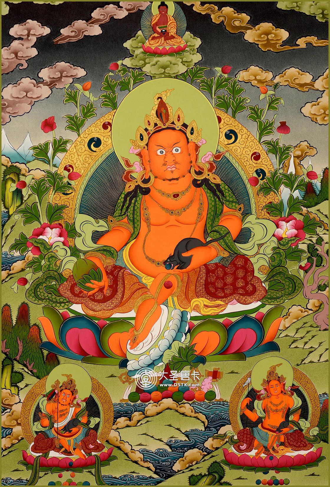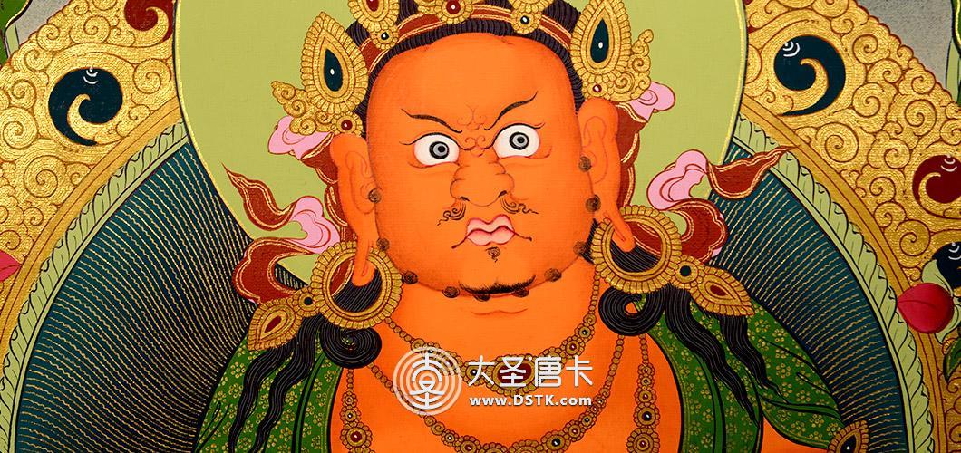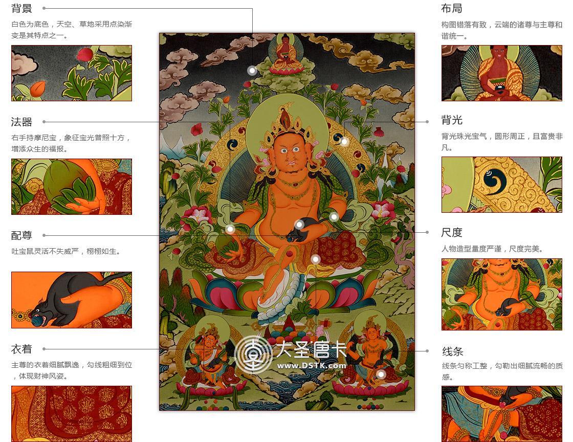 彩唐黃財神一面二臂,五佛冠為頭飾,矮小肚大,雙臂勁力,右手持布拉噶如意寶,左手提著吐寶鼠,身著天衣,藍蓮花及珠寶瓔珞作裝飾,胸前掛念珠。左足屈,右足踩著海螺寶,以如意姿安座于蓮花月輪之上。
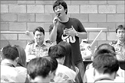 剛走進(jìn)會(huì)場的含笑,在看到眾多媒體記者后說:“拍我沒關(guān)系,請不要拍這些朋友的正面,他們出去還要重新做人!敝灰痪湓捑挖A得了數(shù)十名在押人員的掌聲。
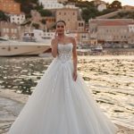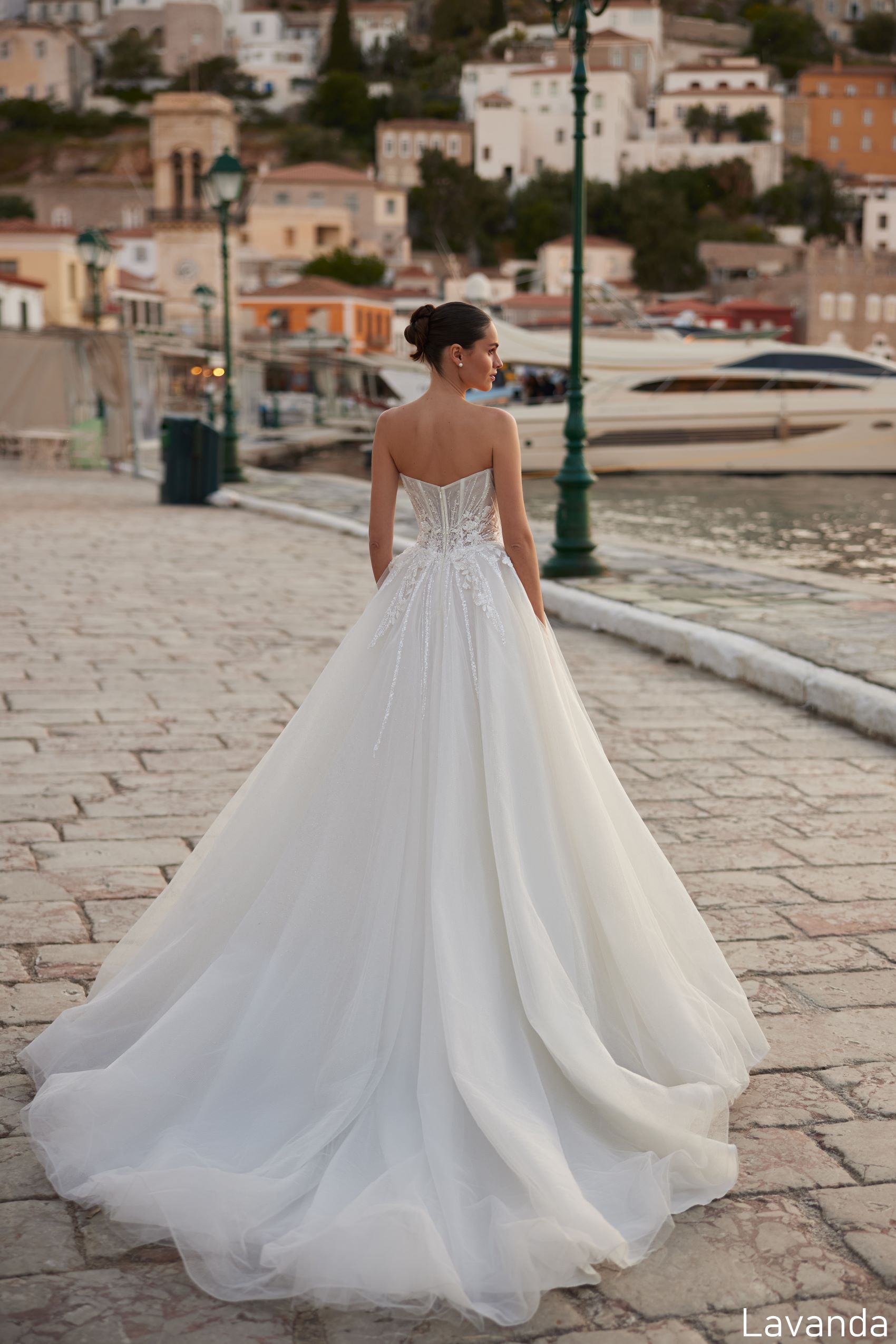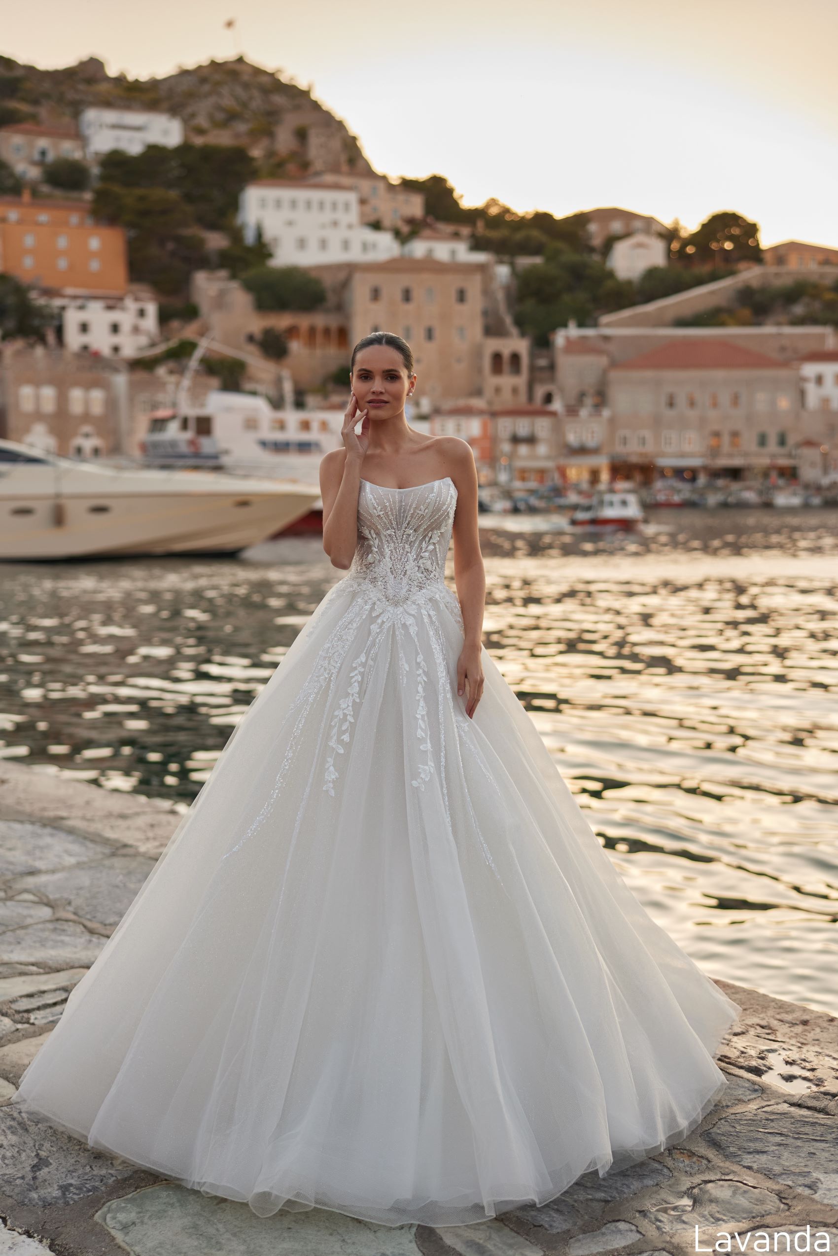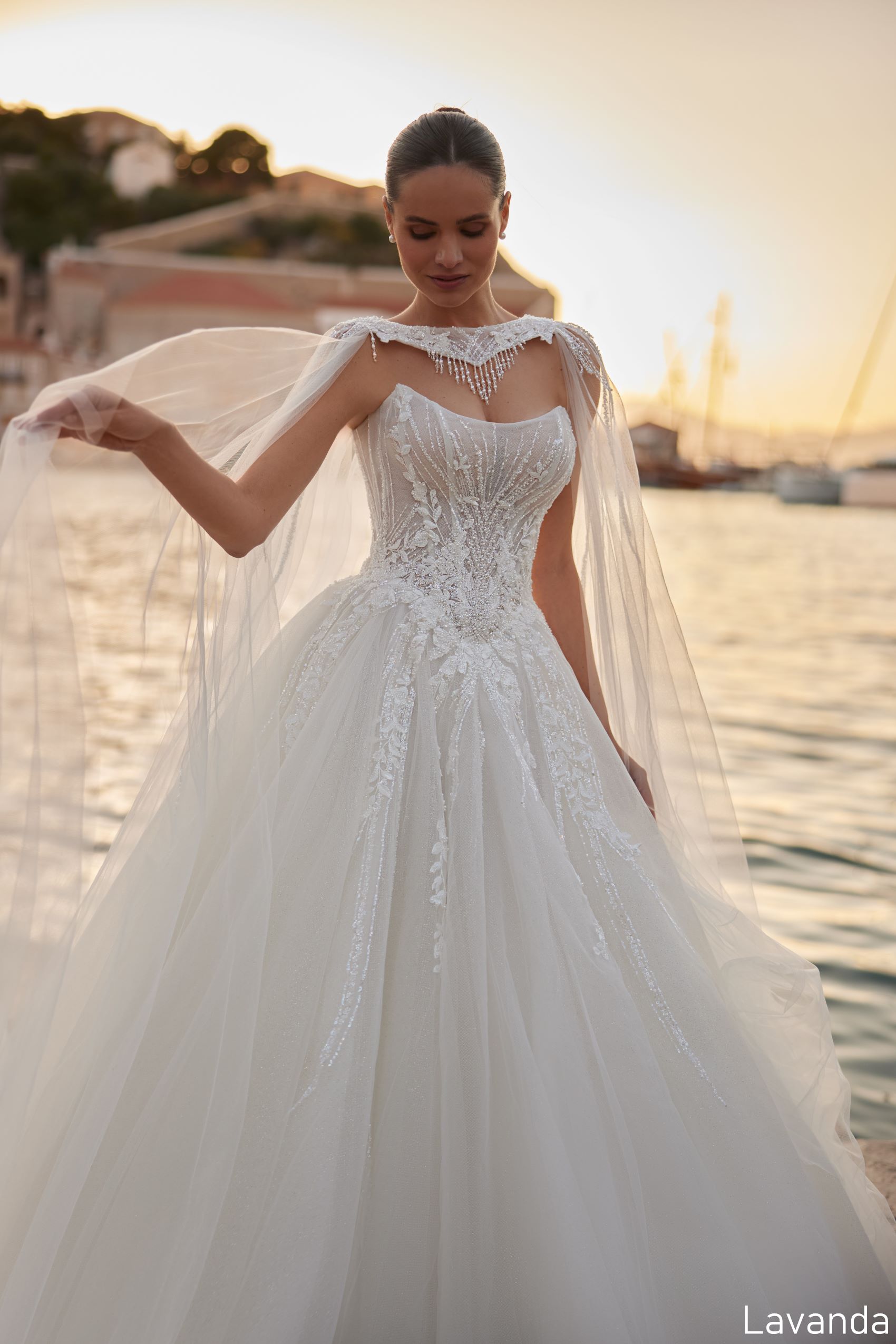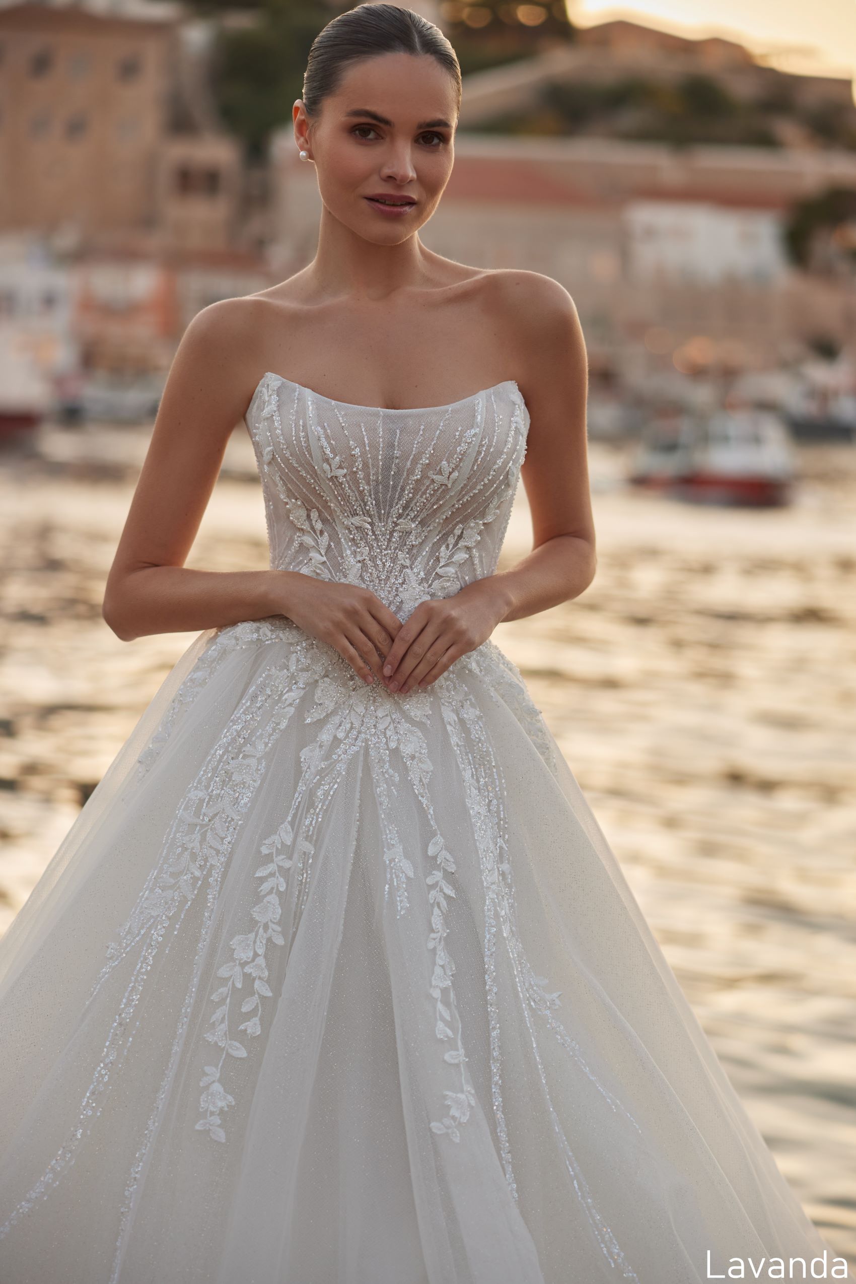 Lavanda este o rochie de mireasă princiară, creată pentru a impresiona. Bustul corset cu detalii brodate și aplicații florale evidențiază silueta, în timp ce fusta amplă din tulle fin adaugă volum și romantism.

Requirement -
Keeping both end lines, retype exactly the lines from the first line of the material through the line that contains "剛走進(jìn)會(huì)", but not the pictures.

Output below -
 彩唐黃財神一面二臂,五佛冠為頭飾,矮小肚大,雙臂勁力,右手持布拉噶如意寶,左手提著吐寶鼠,身著天衣,藍蓮花及珠寶瓔珞作裝飾,胸前掛念珠。左足屈,右足踩著海螺寶,以如意姿安座于蓮花月輪之上。
 剛走進(jìn)會(huì)場的含笑,在看到眾多媒體記者后說:“拍我沒關(guān)系,請不要拍這些朋友的正面,他們出去還要重新做人!敝灰痪湓捑挖A得了數(shù)十名在押人員的掌聲。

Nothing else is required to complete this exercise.